I feel like this is a bit of a chicken-and-egg sort of scenario.
Which comes first, the established authorship or the author newsletter? “You have to build a mailing list to sell your books,” they say, and then, “but it’s super hard to get anyone to subscribe before you’ve published.” So if you are here, for my very first newsletter—well, thanks for taking a chance on an aspiring author! I truly appreciate you.
A little introduction
I’m not sure if this is a necessary section—after all, my first subscribers are probably going to be people who already know me in some capacity—but I feel like I should formally introduce myself anyhow. So, in no particular order:
I’m Elisabeth—please don’t call me Liz, but Betsy is fine!
Like most writers, I’ve been dabbling in storytelling since I was a kid. One of my first works was a sequel to Mrs. Frisby and the Rats of NIHM; sadly (not) it has been lost to posterity.
My novella What Eyes Can See, a non-magical Cinderella retelling, was published in an anthology in 2014.
I’m a Christian. My prayer—like David’s in Psalm 19, but tweaked a bit for my specific scenario—is that the words of my keyboard and the imaginations of my heart will be pleasing to God and reflect His truth. I hope you like my stories, but mostly I hope Jesus likes them.
I live with my husband (a pastor) and my two young daughters (currently unemployed) in the rural Midwest. I’ve been a stay-at-home mom since my oldest was born in 2019; before that, I was a piano teacher.
What can you expect from my books?
I write cozy fantasy romance, and not to brag, but all my beta readers think I’m funny. My debut novel, What Comes of Attending the Commoners Ball, is a sweet romance with a just a hint of magic, set in a Victorian-esque time period. You can expect a ball or two (obviously), lots of cheese, and themes of dependance and giving.
After that … I have a lot of ideas, so we’ll see!
Plans for the ‘stack
Are we calling Substack “the ‘stack” yet? No? Just me? Okay whatever. Add to the above bullet list “I have a propensity to give everything a weird nickname.” It’s not a crime.
anyhow
My plans for this monthly newsletter are (1) share writing updates/sneak peaks/behind-the-scenes novelist stuff and (2) recommend books, just in case your TBR is getting a little thin these days. This is … literally what every other author does, hmm, so to sweeten the deal I will also toss in the occasional rabbit picture. I’d also love to host some author interviews and longer book reviews on here, but those might be on a separate list so you can opt in or out of them at will. I am still figuring out How To Do Stuff Online.

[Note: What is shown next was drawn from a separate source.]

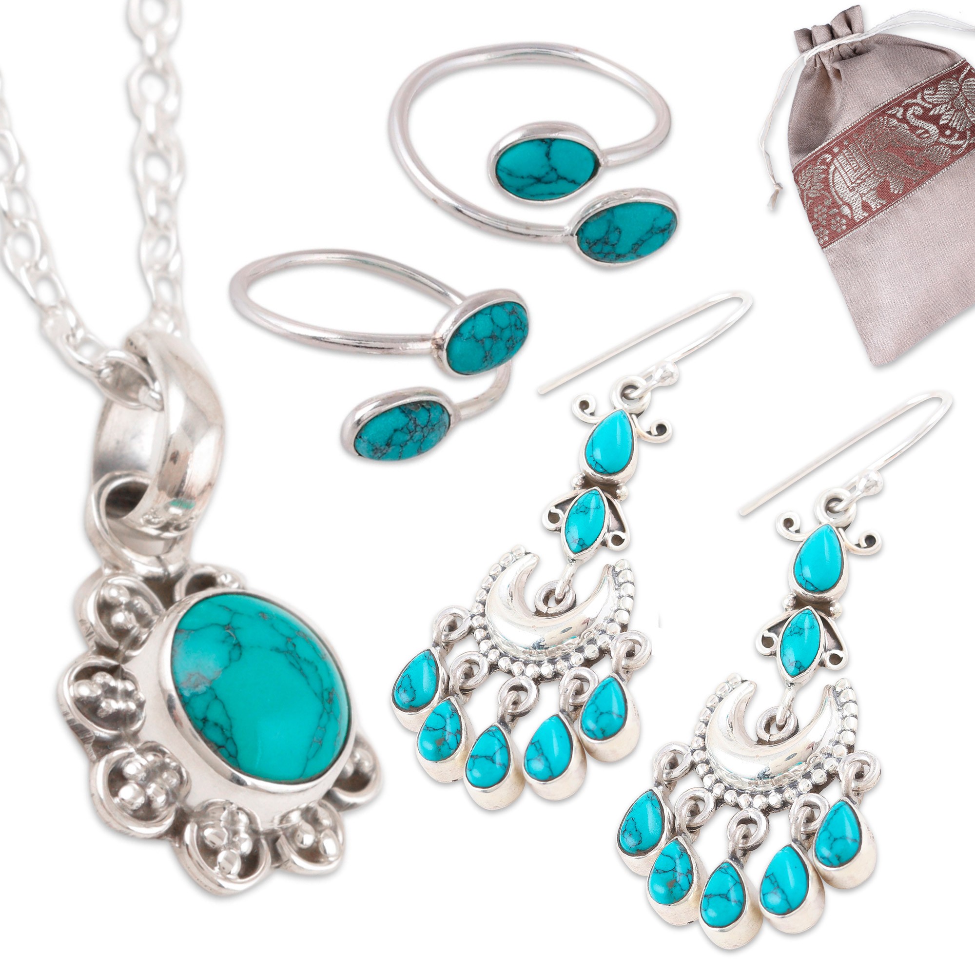 The Indian region teams with NOVICA to present a graceful example of its traditional jewelry arts. Alok Jain and Bhavya Jain unite their designs to create this exquisite curated gift set, which includes majestic chandelier earrings, sophisticated toe rings and a charming floral pendant necklace, all featuring advanced silversmithing and precious reconstituted and composite turquoise jewels exuding an ethereal aura.

What’s with the metaphorical cello?
Listen. A long time ago when I had no white hairs and also my knees didn’t squeak, I was chatting about The Piano Guys’ rendition of “So Happy Together” with some friends and it got weird and I used a phrase from that conversation as the title of my college blog (it’s dead, so don’t bother trying to find my Embarrassing Past) and it has followed me since. Do I play cello? Well, not literally. Can I make a dumb metaphor out of it? Yes I can, but I will not be elaborating at this time. Follow me for more interesting stories like this.
Okay, this is long enough, and also I am sleepy.
May your cello always be in tune,
Elisabeth
you had me at rabbit photos and, of course, your hilarious stories. :) happy first newsletter. <3
Comedy gold. Will be coming back for more.